The new memories... they made the training harder. Exponentially harder.

It wasn't the technique. It was me. I now had all of Takeshi's methods in my head—his patience, his structured lesson plans. But I also had his failure. I had the crystal-clear memory of dying, of leaving those kids behind.

It made me... frantic. It made me push, way, way too hard.

"Again," I said, my voice hoarse. We'd been at it for three hours. The four-way synchronization had failed for the fourth time, the shadow-construct flickering and collapsing. Everyone was trembling with exhaustion.

"Ren, we need a break," Zara panted, wiping sweat from her forehead. Her shadow was twitching erratically at her feet, a sure sign she was running on fumes.

"Five more minutes," I insisted, already moving back into position. "We almost had it. The stabilization was..."

" 'Almost' doesn't mean anything when we're all about to pass out," Elara cut in, and her voice, though exhausted, was pure steel. She'd been out of a cage for two weeks, but she had a spine Dren would respect. "Pushing us until we break doesn't make us stronger. It makes us dangerous."

"The cult won't give us a five-minute break," I shot back. "When they attack again..."

"We'll be ready," Torren interrupted, his small voice surprisingly firm. "But we won't be if we burn ourselves out in the yard. Master Dren taught us that. Remember?"

He was right. I knew he was right. But the guilt of Takeshi's failure was a physical weight, a screaming voice in my head that said faster, harder, don't fail them again.
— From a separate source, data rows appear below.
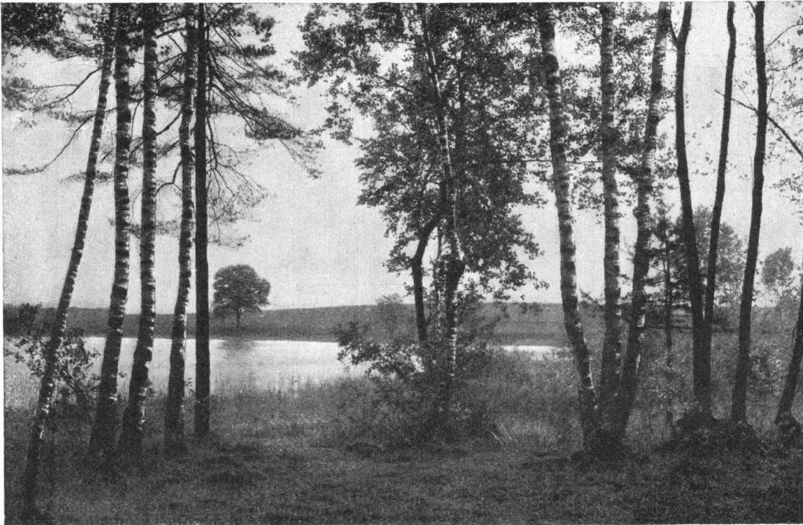
Abb 1. Blick aus dem Birkenwäldchen auf den kleinen Katzensee. Fig. 1. Le petit Katzensee vu à travers un bois de bouleaux.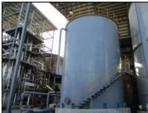
รูปที่ 2-45 ถังเก็บกากน้ำตาล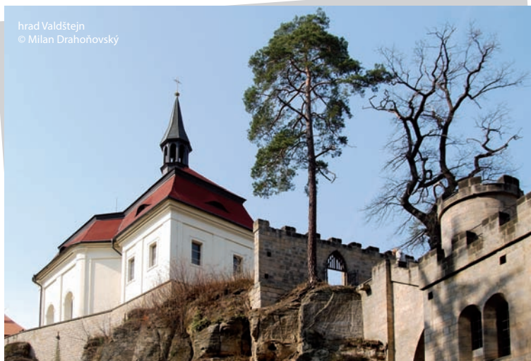
hrad Valdštejn

Při úpravách v 19. století byla na konci hradu vybudována vyhlídka na Trosky a blízké skalní město. Krásné výhledy na okolní krajinu se nabízejí i z dalších míst hradu.

Kaela, who had been watching from the sidelines with her arms crossed, her face a thundercloud, finally stepped onto the field.

"That's enough," she said. Her voice wasn't loud, but it cut through the tension like a blade. "Training is over. Everyone, rest. Ren. With me. Now."

There was no arguing with that.

She led me to the empty armory, the smell of oil and whetstones thick in the air. She kicked the door shut with her heel, and before it had even slammed, she was in my face.

"What, exactly," she demanded, her voice a low, furious growl, "do you think you're doing?"

"Training," I said, falling back on the obvious. "We have to..."

"You are not training," she snapped. "You're... you're repenting. You're trying to redeem yourself for a life that isn't yours, on people who aren't those kids. And you're going to get one of them hurt."

The accusation hit me like a physical blow. "That's not..."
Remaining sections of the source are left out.